# Sears Shares Jump On Report Of Bids For Craftsman Brand



## Charles Spencer (Oct 5, 2016)

From the _Chicago Tribune  http://www.chicagotribune.com/business/ct-sears-stock-jump-1005-biz-20161004-story.html _:

"Bloomberg reported Tuesday that potential bidders include Stanley Black & Decker and Hong Kong's Techtronic Industries, with final offers due at the end of the month. People with knowledge of the matter said bids may value Craftsman at about $2 billion, according to the report."

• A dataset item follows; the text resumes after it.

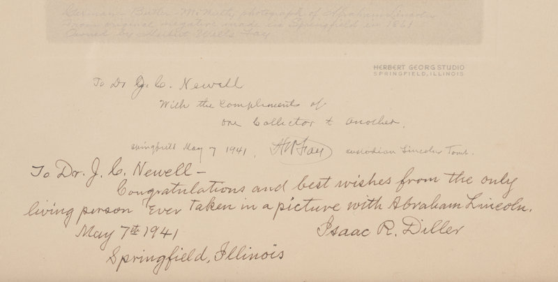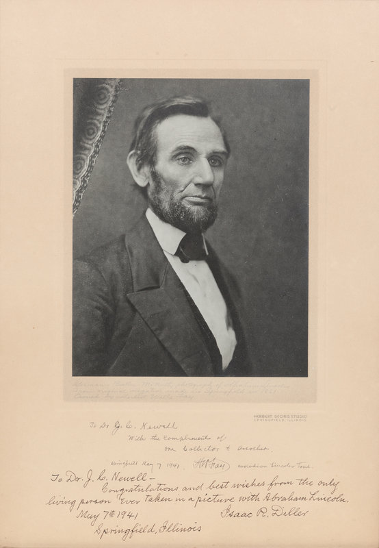 INSCRIBED BY LINCOLN COLLECTOR HERBERT WELLS FAY AND BY LINCOLN FAMILY FRIEND ISAAC R. DILLER: "To Dr. J. C. Newell With the compliments of one collector to another. Springfield May 7 1941. HW Fay Custodian Lincoln Tomb." -- "To Dr. J.C. Newell - Congratulations and best wishes from the only living person ever taken in a picture with Abraham Lincoln. May 7th 1941 Springfield, Illinois Isaac R. Diller." Fay, an avid collector of Lincolniana, owned 90 photographic portraits of Lincoln, and was custodian of the Lincoln Tomb at Oak Ridge Cemetery in Springfield. Diller, the son of Lincoln's pharmacist Roland Weaver Diller, appeared in two Lincoln family photographs taken in the Lincolns’ Springfield home in the summer of 1860 while playing with Tad and Willie. A FINE ASSOCIATION.

My guess would be the Chinese in one manifestation or the other.  There are probably a lot of people who think Craftsman is still what it once was, especially casual tool buyers.


----------



## Doubleeboy (Oct 5, 2016)

With harbor freight having upped the quality of some of their hand tools I am guessing Craftsman will face tough challenges ahead.  I took a Craftsman socket wrench into sears recently for repair, they don't do that anymore in store, they just handed me a new one, what a POS, I went to HF and bought a much better one and the craftsman is now a back up.  I worked at Sears in the tool dept as a young man, 45 years ago, what a downward spiral they have been on ever since.

michael


----------



## John Hasler (Oct 5, 2016)

Doubleeboy said:


> With harbor freight having upped the quality of some of their hand tools I am guessing Craftsman will face tough challenges ahead.  I took a Craftsman socket wrench into sears recently for repair, they don't do that anymore in store, they just handed me a new one, what a POS, I went to HF and bought a much better one and the craftsman is now a back up.  I worked at Sears in the tool dept as a young man, 45 years ago, what a downward spiral they have been on ever since.
> 
> michael


I took a broken Craftsman shovel in to Sears for replacement some years ago.  They refused to replace it, explaining that they no longer sold that exact type of shovel.  I pointed out that they stocked similar (but more expensive) shovels that would do the same job, but they still refused.  Haven't been back to Sears since.


----------



## fretsman (Oct 5, 2016)

Sears stopped being sears years ago. Best thing to do is forget they ever existed. Sad but true.


----------



## Eddyde (Oct 6, 2016)

The last tool I bought at Sears was a pair of Craftsman linesman's pliers. A couple of months later I was using them to cut some 12/2 BX cable, the head snapped at the pivot sending to into my face, splitting my upper lip open. I returned them and was given a hard time but managed to get my money back. Bought a pair of Klein's which I still have. Oh, this happened around 1987.


----------



## chips&more (Oct 6, 2016)

45 years ago, I can remember drooling all over the power tools as I walked through Sears. Now, you can’t even get me to turn my head as I pass through any part of the tool section…Dave.


----------



## 4GSR (Oct 6, 2016)

I'm sure glad I stocked up on ratchet repair kits way back when they used to sell them for 99 cents each!  Haven't needed one yet, but when I do, I can fix it!


----------